Core competency, outsource, partner—or avoid. As healthcare executives contemplate their business strategies, they must manage countless competing priorities and external pressures to service their mission, communities, and employees while remaining good financial stewards of their resources. They constantly face decisions around core competencies and objectives regarding matters such as employing versus affiliating with physicians, buying versus renting, and going it alone versus partnering to deliver post-acute care. In other industries, non-core functions are more often outsourced and strategic actions like divestitures, and partnership agreements are commonplace. In health care, however, we see a growing trend for executives to succeed based on saying “no” and making tough choices on things they have not considered before. Although decisions whether to insource or outsource are complex in health care and the results often not popular, such decisions must be made.

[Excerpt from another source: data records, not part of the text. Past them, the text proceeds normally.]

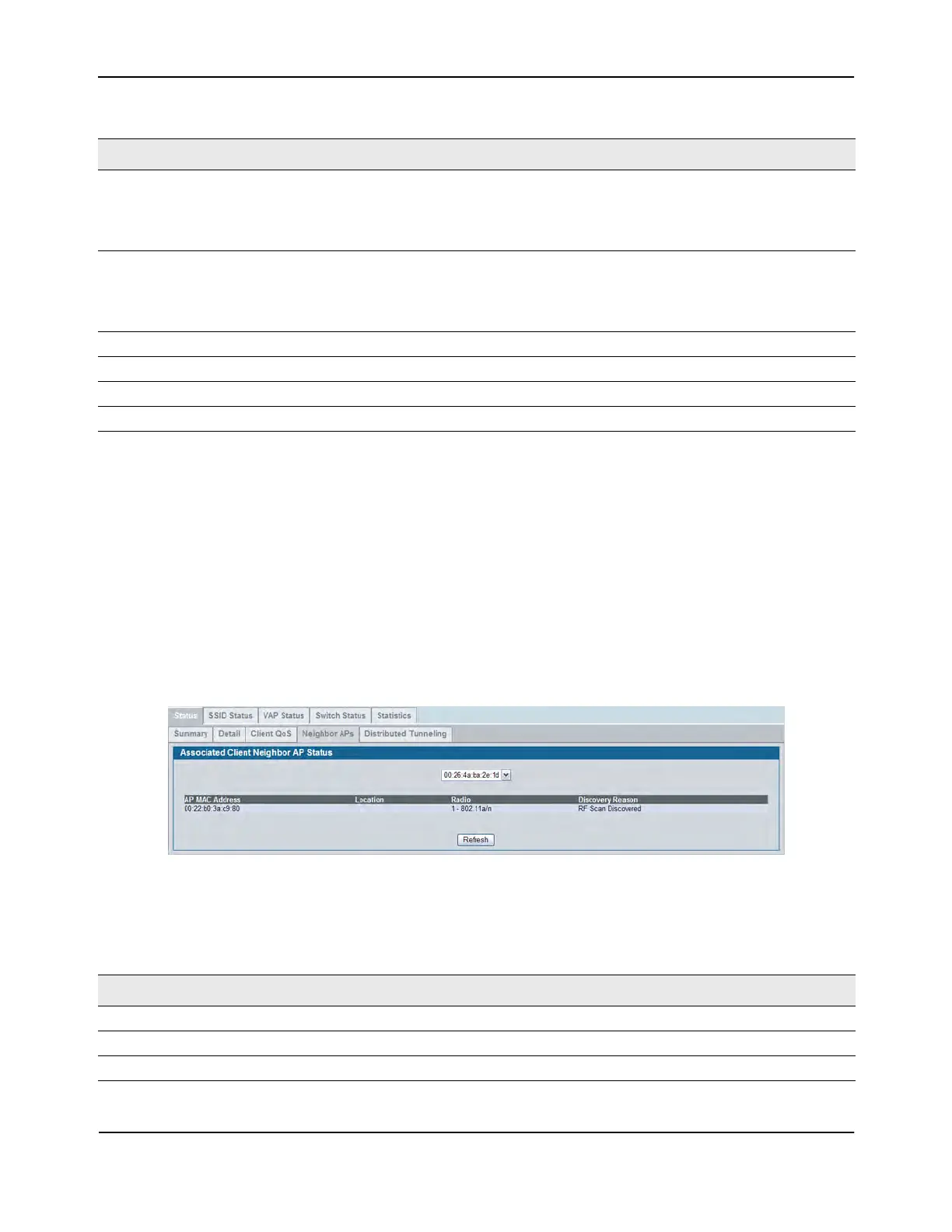Table 295 describes the information available on the Neighbor AP page for the associated client status.
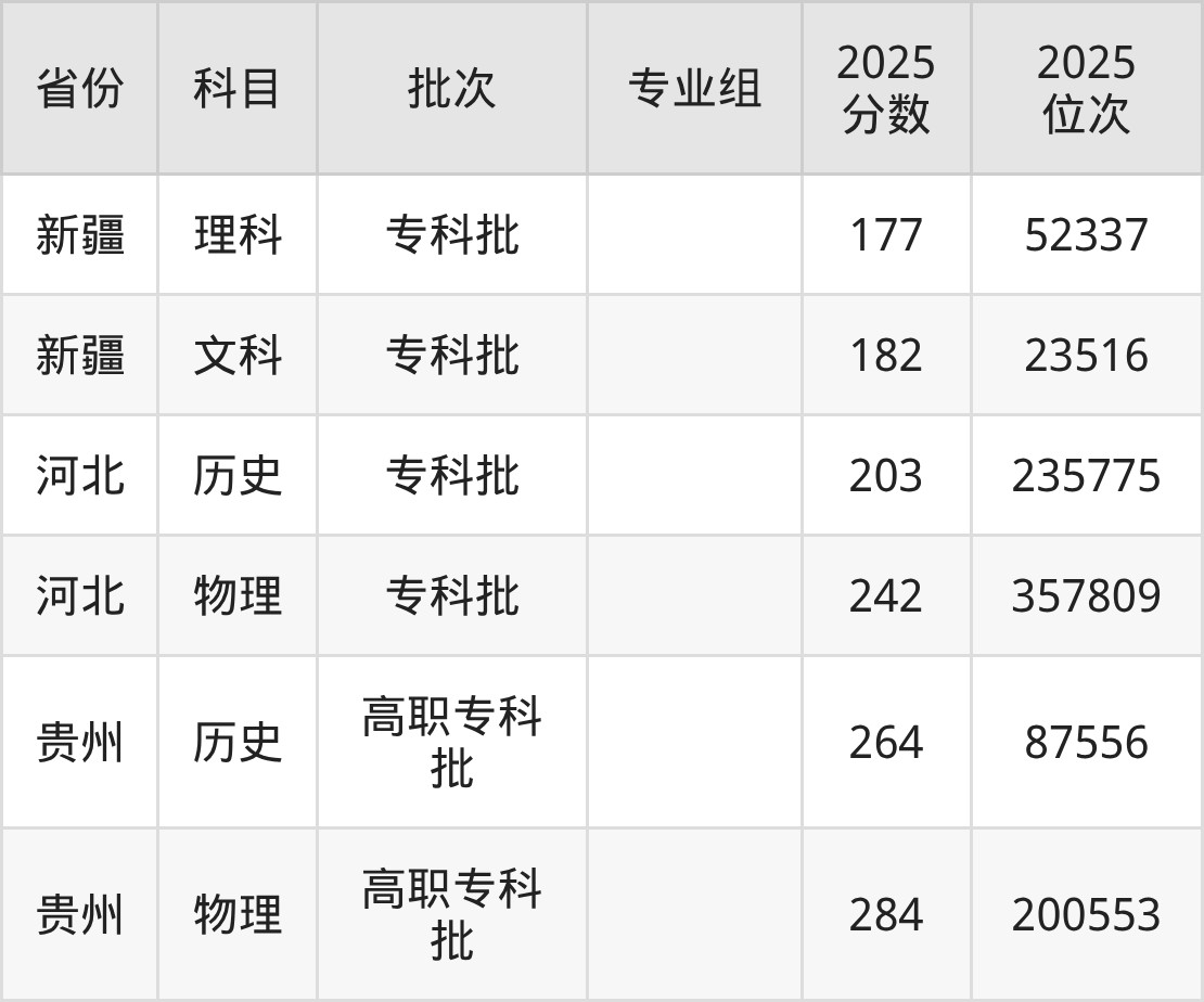 2025年投档录取最低分为264分,录取最低位次为87556名。
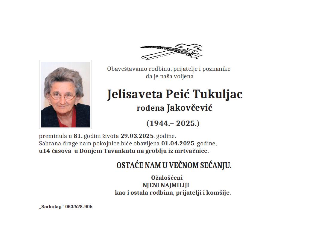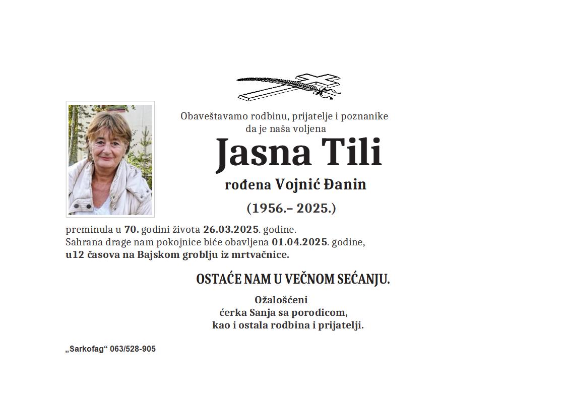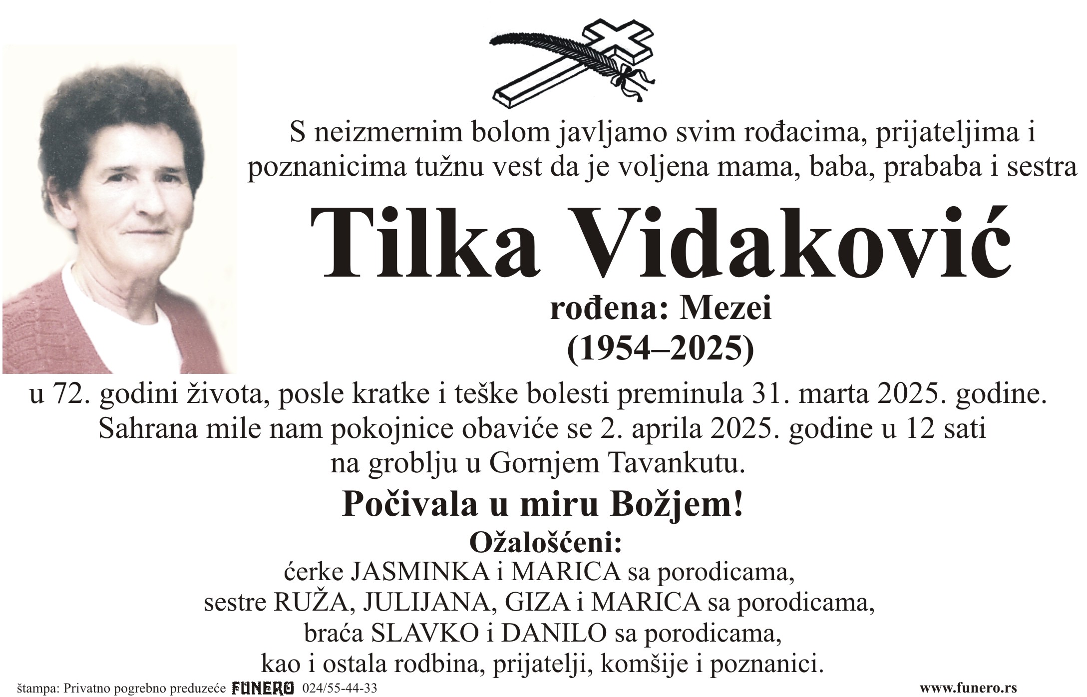 U 71. godini preminula je Tilka Vidaković iz Gornjeg Tavankuta, iz Zlatnog kraja. Sahrana je 2. aprila u 12 sati na groblju u Gornjem Tavankutu.
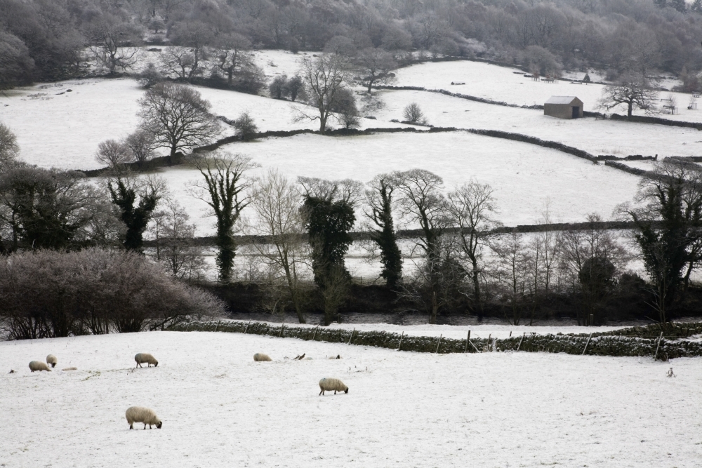 Posterazzi DPI1875271 Derwent Valley, Derbyshire, England - Sheep Grazing In The Snow In Peak District National
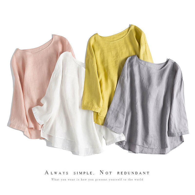 5色シャツ ブラウス 亜麻ブラウス 大きサイズ 森ガール ナチュラル ゆったり レディース 八分袖 亜麻 リネン Uネック シンプル きれいめ
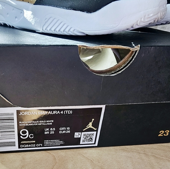 *EUC PAIR OF BLACK & GOLD STYLISH JORDAN MAX AURA 4 (TD) TO ADD TO YOUR TODDLERS WORDROBE
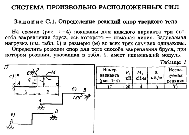 Задача С.1: опреление реакций опор твердого тела вариант 17
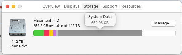 When you go to the Storage section in "About This Mac", you get a bar chart that supposedly shows how much of the storage is taken up by each type of data. I attach mine, which supposedly shows I've got 659.96GB of System Data. Can this possibly be right, especially as yesterday the same bar chart showed I had only 500GB of System Data!
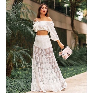 Conjunto Cropped Alcinha E Saia Renda Longo Festa Roupas R 88
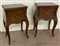 Coppia di comodini di forma mossa a due cassetti lastronati in radica, decorati
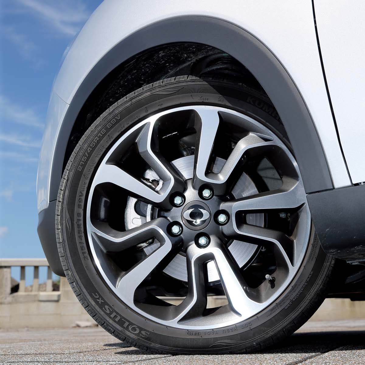 車側則是Tivoli讓人印象最深刻的部分。透過前輪拱與後輪拱誇張的鈑件折線,營造出肌肉感十足的視覺感受;據原廠表示,這兩道肌肉線條將會是未來SsangYong旗下產品的家族設計。黑色防刮飾板除了增添戶外風情,在跨越非鋪裝地形時也能防範烤漆被刮傷;鋼琴亮面烤漆的A柱、車門框頂部延伸至C柱上的烤漆點綴,帶來懸浮式車頂的感受。而頂級豪華車型搭配的18吋鋁圈,採雙色鑽石切割設計,讓輪拱之下不致過於空洞。唯一可惜之處在於車頂未裝上行李架,若有機會補上,相信能更具個性化戶外氛圍。
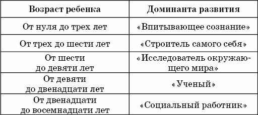 Самое любопытное, что официальная система образования как бы неосознанно учитывала существование этих различных типов психики. Первый период – от рождения до шести лет – открыто признавался уже фактом своего исключения из системы обязательного обучения. Было замечено, что именно к шести годам в ребенке происходят перемены, в силу которых он становится настолько зрелым, чтобы его можно было отдать в школу. Тем самым подтверждалось, что к этому времени ребенок знает уже достаточно много, и это позволяет ему посещать занятия. Действительно, если бы шестилетние дети не могли ориентироваться, не умели бы ходить, не понимали бы слов учителя, то они не были бы в состоянии участвовать в жизни коллектива. Именно в этом и заключалось практическое признание первого периода жизни. Но воспитателям не приходило в голову, что если ребенок способен ходить в школу, ориентироваться, понимать доносимые до него мысли, то есть делать то, что при рождении не умел, значит, он сам себя развил умственно.
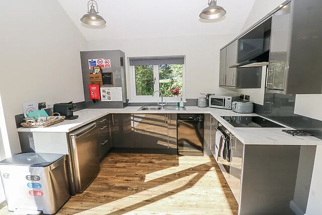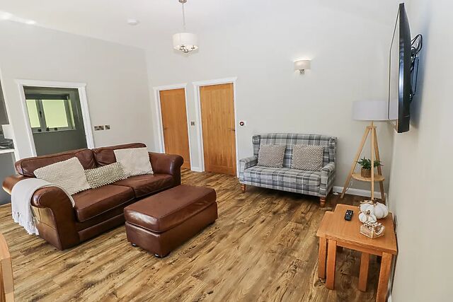 There’s space to relax after a day of exploring, a dining table for leisurely meals and plans for the days ahead, and a well-equipped kitchen with everything you’ll need—electric oven and hob, microwave, fridge with ice box, dishwasher, kettle, and toaster—making mealtimes straightforward. The accommodation is flexible, with two bedrooms to choose from: a king-size with its own TV and a twin with zip/link beds that can be arranged as a super-king if required.
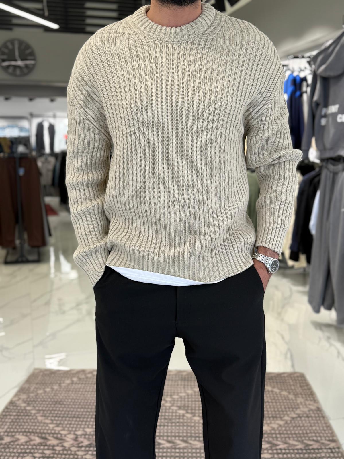Oversize Kalıp Dolgun Örme Kazak Bej
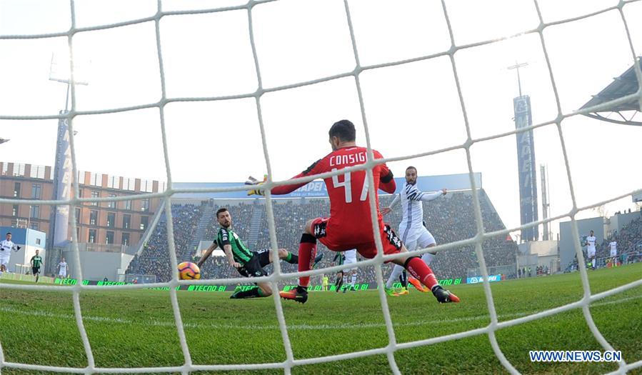 Juventus' Gonzalo Higuain (R) scores a goal during a Serie A soccer match against Sassuolo in Reggio Emilia, Italy, Jan. 29, 2017. Juventus won 2-0. (Xinhua/Alberto Lingria)
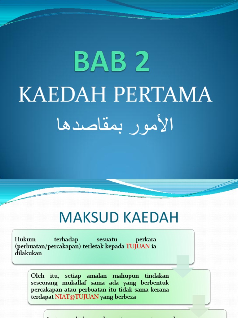 Kaidah al-umur bi Maqashidiha terdiri dari dua kata yakni al-umur dan al-maqashidLafadz al-umur diartikan sebagai tingkah laku atau perbuatan seorang mukallaf yang berupa ucapan perbuatan itikad dan meninggalkan sesuatuLafadz al-maqashid merupakan bentuk jama dari bentuk mufrod maqshud yakni bentuk mashdar dari lafad qashada secara bahasa qashada berarti menyengaja. Pengertian kaidah AL Umuru bi Maqosidiha. Rafidah Mohd Azli 1 Rohana Othman 2 Mardhiyyah Sahri 3 Nooraslinda Abdul.
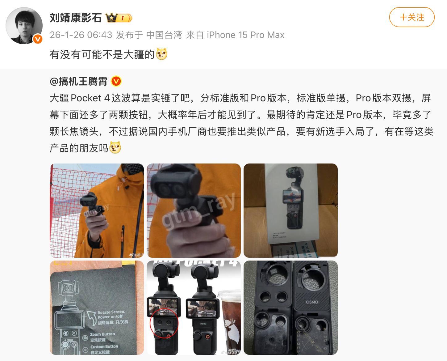 哦?最近网上传闻得很热门的所谓曝光的大疆Pocket 4,难道还真不是?影石老板表示,有没有可能这不是大疆的。这么说,确实有可能,影石也是有可能的,毕竟这两家是正面对标~双镜头的便携云台相机,不知道最终落地是啥表现。不过今年这一块的市场,应该也会有不小的竞争。还不止这两家,不是也传闻了有几个手机厂商也要入局呢。另外荣耀的ROBOT PHONE也属于会跟这类形态有交集的。春节后应该也快登场了吧。热闹起来~

Staying true to the organization’s strategy and missions will be critical when making these tough choices.

Looking Ahead

Health care’s evolution over the past decade has been astounding, but even more amazing changes lie ahead, with the focus on delivering precision health, building world-class operations, and delivering care as cost effectively and safely as possible. More progressive healthcare organizations are seeking out and adapting strategic approaches, tools, and technologies that have proven successful in other sectors and using them to thoughtfully redesign or supplant legacy processes that are no longer working. Innovation that is both deliberate and disruptive is essential to transforming healthcare.


Geoff Martin is a managing partner and COO of GE Healthcare Partners, Chicago.

Footnotes

a. Institute of Medicine (US) Roundtable on Evidence-Based Medicine, Yong P.L., Saunders R.S., Olsen L.A., eds., The Healthcare Imperative: Lowering Costs and Improving Outcomes: Workshop Series Summary. National Academies Press National Academy of Sciences, 2010.

b. Singhal, S., and Coe, E., “The Next Imperatives for U.S. Healthcare,” McKinsey, November 2016.